A provocative and controversial thinker, Gould was a fierce public defender of evolution. He became a figurehead for paleontology by making difficult concepts more digestible for the public in forums such as The New York Times and The New York Review of Books.

While in graduate school, Gould and fellow student Niles Eldredge disputed the theories of evolution, which held that changes in organisms only occurred gradually, over eons. In their theory, known as punctuated equilibrium, evolution proceeded in bursts, followed by long periods of stasis. Thirty years later after their theory was first developed, the debate still rages.
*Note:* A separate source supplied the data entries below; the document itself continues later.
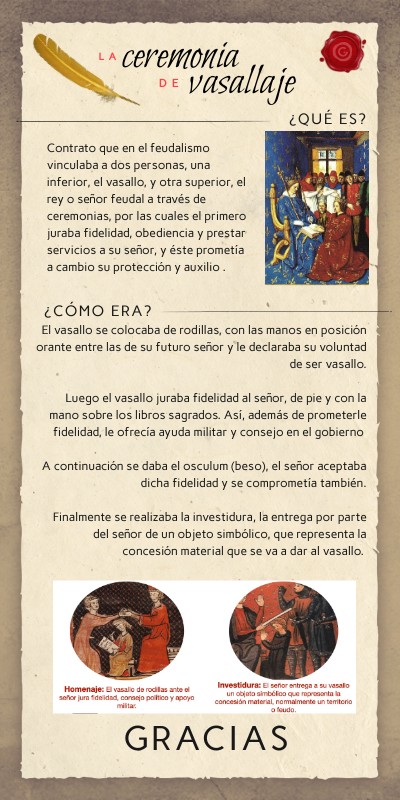 Contrato que en el feudalismo vinculaba a dos personas, una inferior, el vasallo, y otra superior, el rey o señor feudal a través de ceremonias, por las cuales el primero juraba fidelidad, obediencia y prestar servicios a su señor, y éste prometía a cambio su protección y auxilio .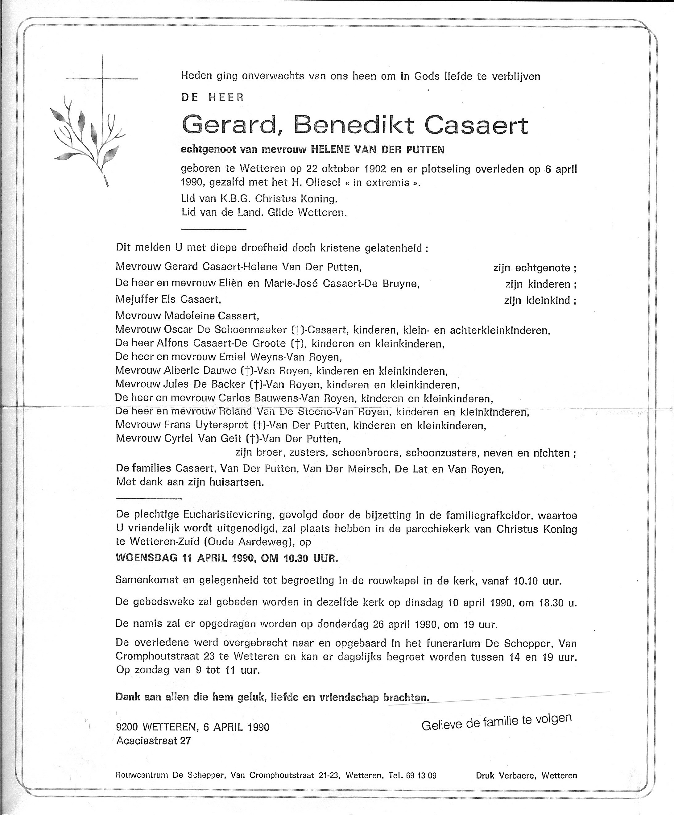 Gerard Benedikt Maria CasaertLeeftijd: 87 jaar1902–1990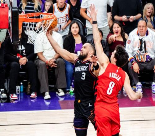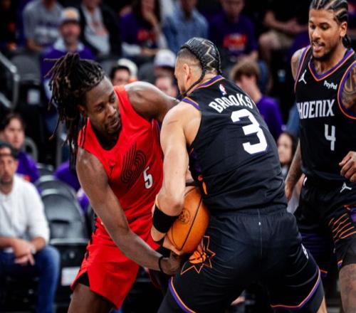 后半段阿夫迪亞和布魯克斯外線對飆,杰倫格林內(nèi)外開花,帶隊(duì)打出小高潮,半場結(jié)束時(shí),太陽追至62-65!進(jìn)入下半場,開拓者連續(xù)罰球,卡馬拉續(xù)上三分。格林和布魯克斯單打,古德溫再中三分球,太陽追分勢頭很猛,打停開拓者。后半段布魯克斯聯(lián)合布克繼續(xù)強(qiáng)攻開拓者內(nèi)線,開拓者全靠阿夫迪亞回應(yīng)。節(jié)末布克上籃,三節(jié)打完,太陽82-83落后。決戰(zhàn)第四節(jié),杰倫格林和布魯克斯又是一波6-0帶隊(duì)反超,開拓者進(jìn)攻完全啞火,布魯克斯造犯規(guī)+無解強(qiáng)投三分,幫助太陽拉開10分分差。

Among the many awards and honors bestowed upon Gould were membership in the National Academy of Sciences, the National Book Award, and the National Book Critics Circle Award. He also served as president of the American Association for the Advancement of Science.
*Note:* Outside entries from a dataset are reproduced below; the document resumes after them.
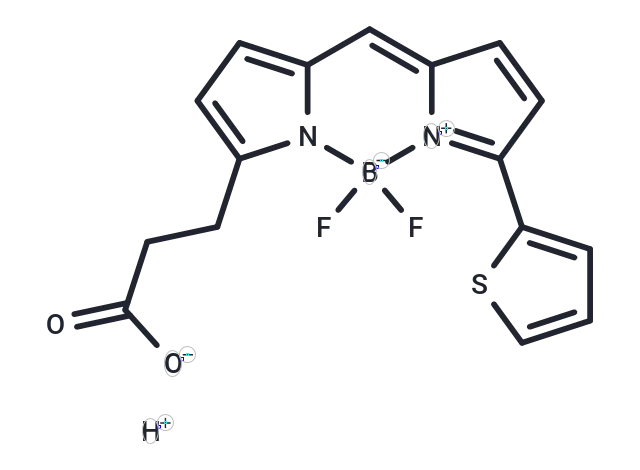 – O=C(CCC1=CC=C2C=C3C=CC(C4=CC=CS4)=[N+]3[B-](F)(N21)F)[O-].[H+]
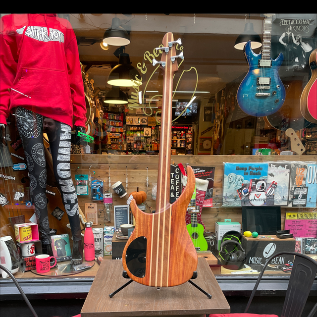 The Peavey Zephyr is a distinctive bass guitar known for its exceptional craftsmanship and tonal versatility. Produced in the late 1990s to early 2000s, it features a neck-through-body construction with a 7-piece neck, typically combining maple and mahogany, and body wings made from bubinga or imbuia (Brazilian walnut). This design enhances sustain and resonance, contributing to its warm, rich sound.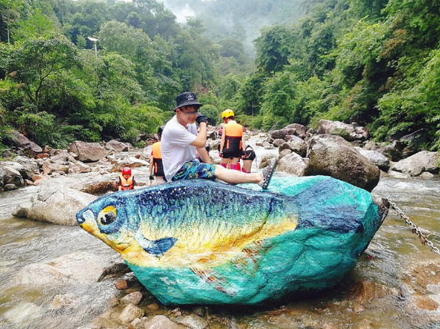 九龙江溯溪是以侏罗纪为主题,1公里路程中画有14副3D恐龙画,栩栩如生。九龙江瀑布也是九龙江溯溪的特色之一,沿着溪水,逆流而上,便是清凉与美景的馈赠,在清澈的河水前行,是一件浪漫而童真的事情。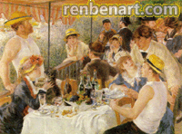 不过这时,雷诺阿纯正的印象派时代离结束之日已经不远了。1880年夏季,他经常去弗尔纳兹大娘在沙东附近安罗瓦西岛上的住所。他在那里所作的《划船者的午餐》是极鲜明地体现和综合其年轻时思想的最后作品。雷诺阿那时已到不惑之年,他需要更新画风。他最担心不过的就是便利,以及使印象派受到颓败威胁的体系思想。雷诺阿和塞尚一样,在几年之前,已通过回到古典传统上去,而重新控制住了自己。他于1881年秋赴意大利,除了在威尼斯短暂逗留之外,还到了罗马,在费尔奈斯宫拉斐尔的壁画前停立良久,然后,又一直走到那不勒斯,并看到庞贝城的绘画。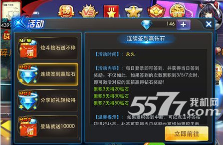 天天炫斗签到系统每天都会给玩家送一些钻石或是金币作为福利,所以动下手指,登录游戏就可以获得金币。签到累积3天、5天、7天的时候都会送出钻石, 其它几天都是金币。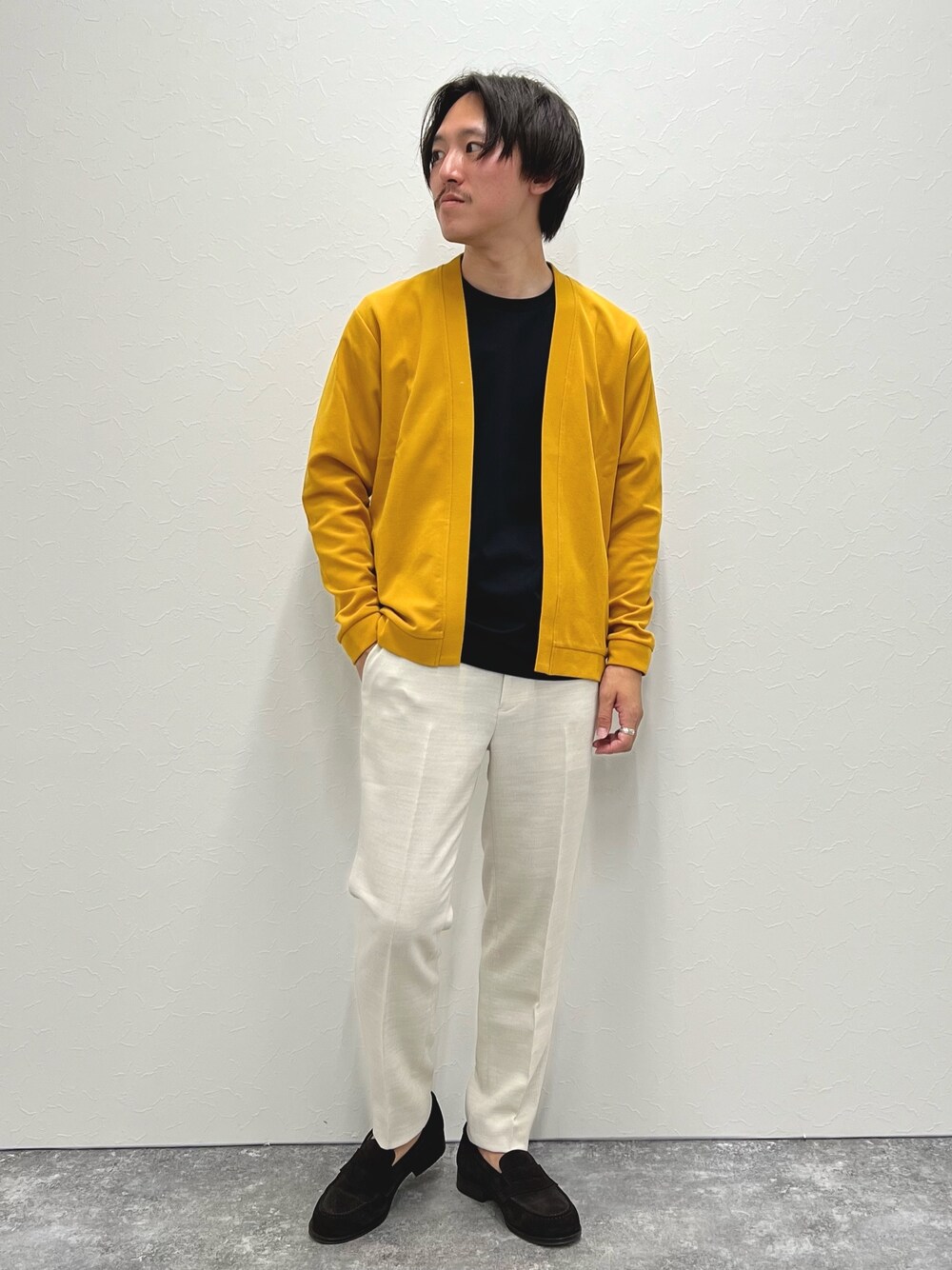機能素材を使ったシンプルアイテムを展開するACTIVE SECTを使用したカジュアルコーデ からし色に近いイエローカラーのカーディガン 発色が強すぎないのでコーディネートに取り入れやすいです ボタンレスでスッキリした印象に インナーにはソロテックス素材使用のストレッチ性と形態安定を合わせ持つきれいめTシャツ ハリもあるので、1枚で着ても様になりやすいです ヘタレにくい万能Tシャツおすすめです 着用サイズ カーディガン:Mサイズ Tシャツ:Mサイズ パンツ:Mサイズ 身長169cm,体重56kg,細身体型 Instagram @shin_nol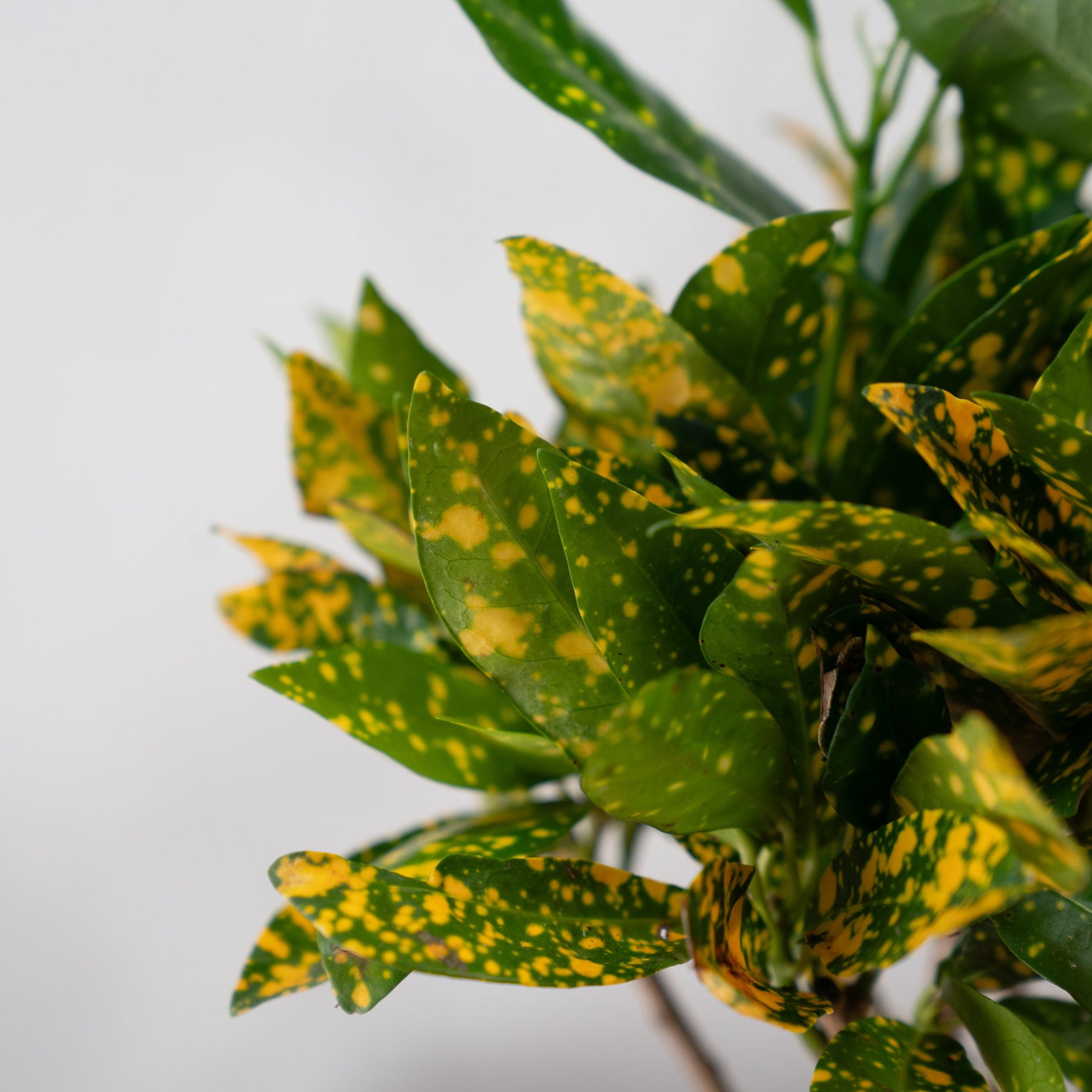 Codiaeum KL ‘Gold Sun’, also known as a Croton, is a bold houseplant prized for its striking golden-yellow and green leaves. This compact variety brings a burst of tropical sunshine indoors, making it a natural focal point for any bright room. Crotons are known for their vivid variegation, and ‘Gold Sun’ lives up to its name with luminous tones that glow when placed in strong light.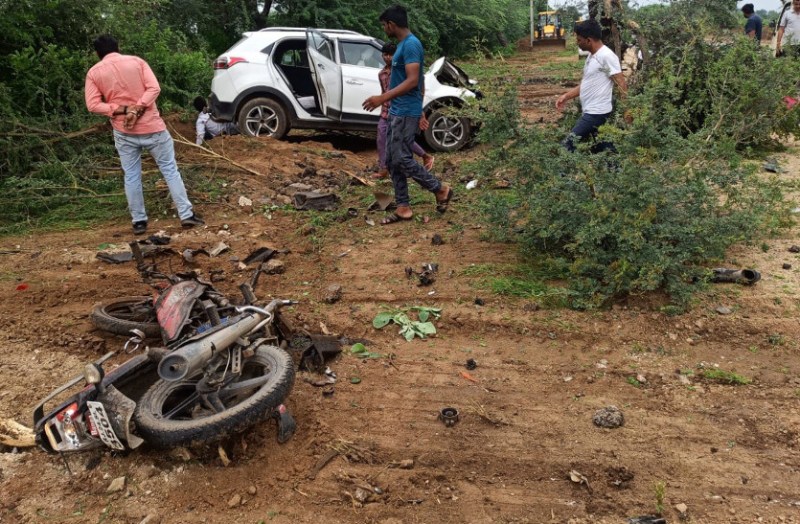 थाना प्रभारी गनी मोहम्मद ने बताया कि कार चालक ने मोहब्बत नगर जाते समय तेज गति और लापरवाही से चलाते हुए गलत दिशा में जाकर सामने से आ रही बाइक को टक्कर मार दी। कार बाइक सवार विक्रम सिंह पुत्र लक्ष्मण सिंह राजपूत निवासी कालन्द्री उम्र 20 वर्ष एवं पीछे बैठी प्रकाश कंवर पत्नी पूरन सिंह उम्र 23 निवासी कालन्द्री को घसीटते हुए रोड से नीचे खड़े पेड़ से जा टकराई।

Gould wrote more than a dozen books, most recently publishing the 1,454-page The Structure of Evolutionary Theory (Harvard, 2001) and, this month, I Have Landed : The End of a Beginning in Natural History (Harmony Books, 2002). A fan of both fossils and the New York Yankees, Gould demonstrated Lou Gehrig-like tenacity by penning 300 consecutive monthly essays for Natural History, now collected in I Have Landed. Gould was so well known for popularizing science that he was even featured on an episode of 'The Simpsons' as a voice in a debate between evolution and creationism.

"The most erroneous stories are those we think we know best - and therefore never scrutinize or question," Gould wrote in 1996's Full House.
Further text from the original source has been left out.